----- Data records

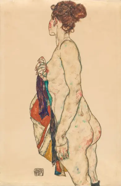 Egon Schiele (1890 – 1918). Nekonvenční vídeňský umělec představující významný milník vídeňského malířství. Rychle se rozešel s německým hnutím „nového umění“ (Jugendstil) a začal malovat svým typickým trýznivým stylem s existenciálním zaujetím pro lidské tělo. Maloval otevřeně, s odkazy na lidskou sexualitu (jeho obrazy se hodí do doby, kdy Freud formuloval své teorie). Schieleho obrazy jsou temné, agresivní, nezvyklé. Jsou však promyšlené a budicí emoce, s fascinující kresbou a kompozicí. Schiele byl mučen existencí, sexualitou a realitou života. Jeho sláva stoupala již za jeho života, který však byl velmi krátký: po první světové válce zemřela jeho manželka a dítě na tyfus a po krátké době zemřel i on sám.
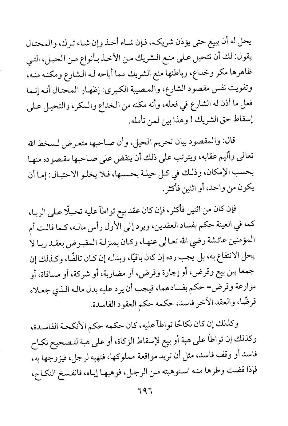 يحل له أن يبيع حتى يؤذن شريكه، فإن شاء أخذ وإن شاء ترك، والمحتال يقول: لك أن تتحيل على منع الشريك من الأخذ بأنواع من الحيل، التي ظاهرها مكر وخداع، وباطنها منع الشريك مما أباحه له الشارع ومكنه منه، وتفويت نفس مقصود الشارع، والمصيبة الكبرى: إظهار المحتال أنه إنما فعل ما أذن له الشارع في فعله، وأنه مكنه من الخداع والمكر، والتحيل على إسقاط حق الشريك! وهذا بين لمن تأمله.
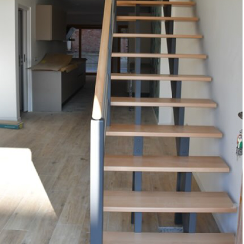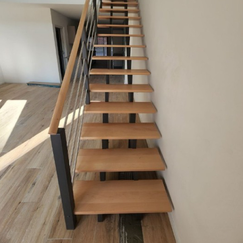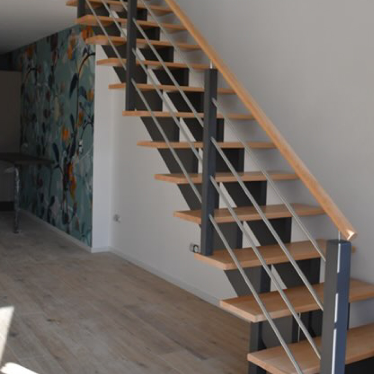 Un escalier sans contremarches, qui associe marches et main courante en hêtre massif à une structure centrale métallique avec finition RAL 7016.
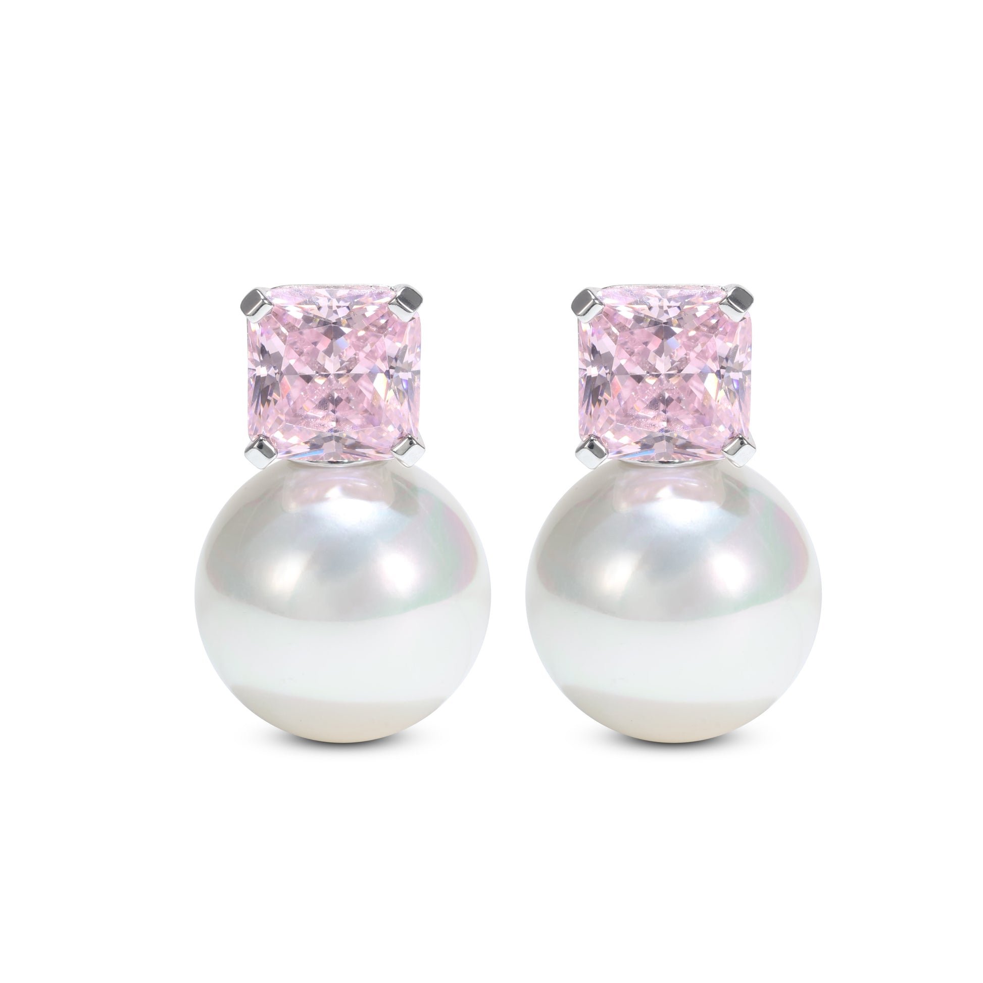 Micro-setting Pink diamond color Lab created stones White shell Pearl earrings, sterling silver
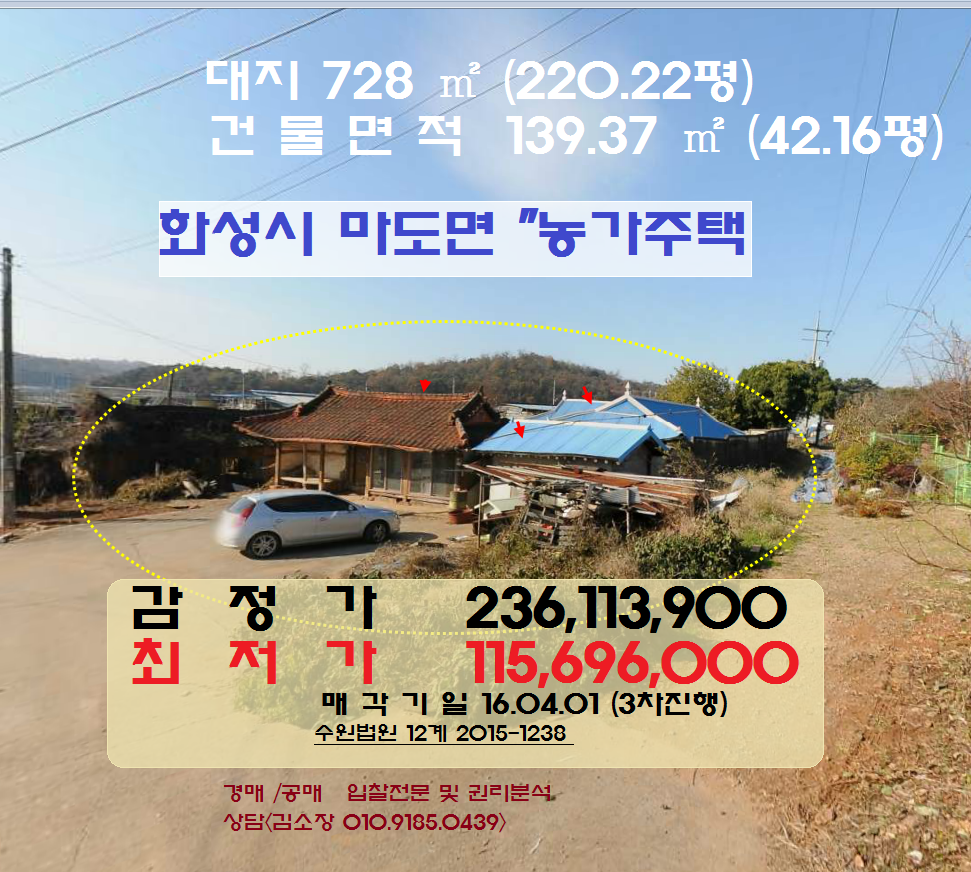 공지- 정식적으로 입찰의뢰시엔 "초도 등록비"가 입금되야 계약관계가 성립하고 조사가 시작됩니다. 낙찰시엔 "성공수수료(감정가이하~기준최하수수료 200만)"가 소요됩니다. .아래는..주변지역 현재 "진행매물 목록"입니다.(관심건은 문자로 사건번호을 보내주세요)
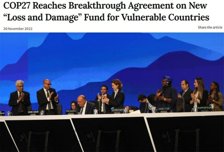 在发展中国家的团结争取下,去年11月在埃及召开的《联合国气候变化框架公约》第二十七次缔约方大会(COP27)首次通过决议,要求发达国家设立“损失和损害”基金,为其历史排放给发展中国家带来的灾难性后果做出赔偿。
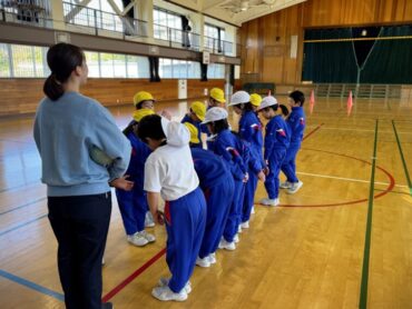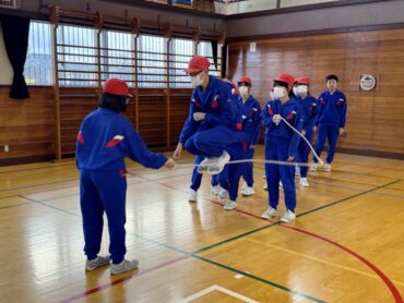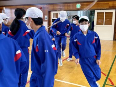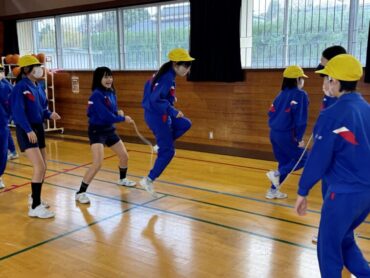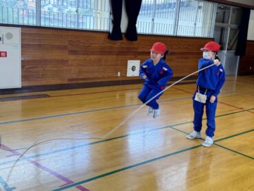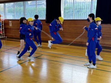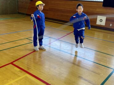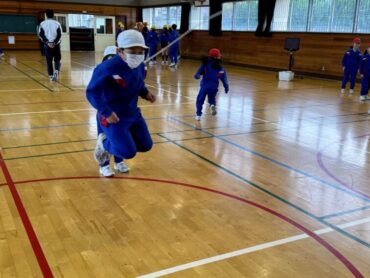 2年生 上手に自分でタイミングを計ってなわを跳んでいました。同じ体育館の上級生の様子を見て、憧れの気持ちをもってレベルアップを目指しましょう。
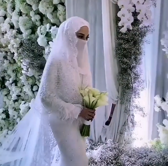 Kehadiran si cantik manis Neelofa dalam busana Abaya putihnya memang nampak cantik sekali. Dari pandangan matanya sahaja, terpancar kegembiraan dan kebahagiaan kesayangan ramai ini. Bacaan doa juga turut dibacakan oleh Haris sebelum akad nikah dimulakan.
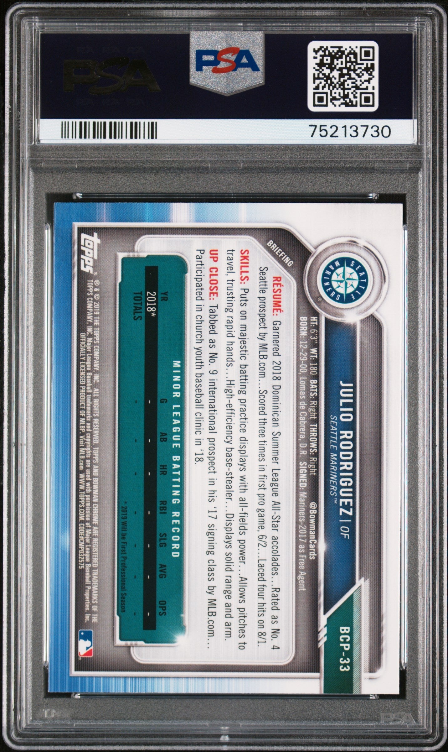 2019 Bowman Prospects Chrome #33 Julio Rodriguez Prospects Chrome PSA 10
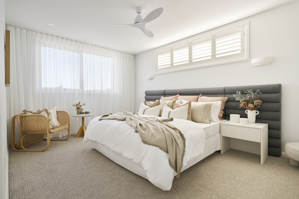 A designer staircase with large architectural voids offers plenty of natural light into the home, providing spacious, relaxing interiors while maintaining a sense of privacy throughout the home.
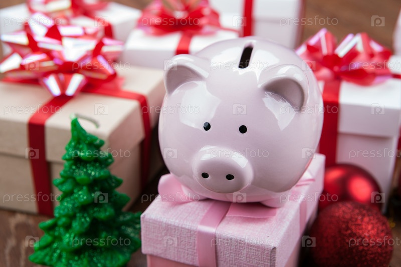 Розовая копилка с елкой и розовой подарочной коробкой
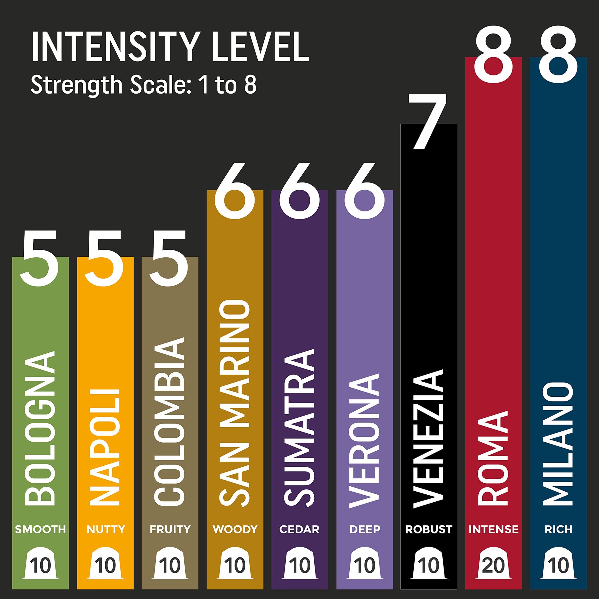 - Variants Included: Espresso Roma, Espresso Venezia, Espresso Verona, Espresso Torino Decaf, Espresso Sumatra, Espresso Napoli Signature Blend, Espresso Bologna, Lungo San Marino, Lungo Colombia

----------

* **Directions for this task**:
Each line from the one holding "Розовая копилка с" down to the end of the records is to be reproduced unaltered, and the pictures are to be omitted.

* **Response**:
 Розовая копилка с елкой и розовой подарочной коробкой
 - Variants Included: Espresso Roma, Espresso Venezia, Espresso Verona, Espresso Torino Decaf, Espresso Sumatra, Espresso Napoli Signature Blend, Espresso Bologna, Lungo San Marino, Lungo Colombia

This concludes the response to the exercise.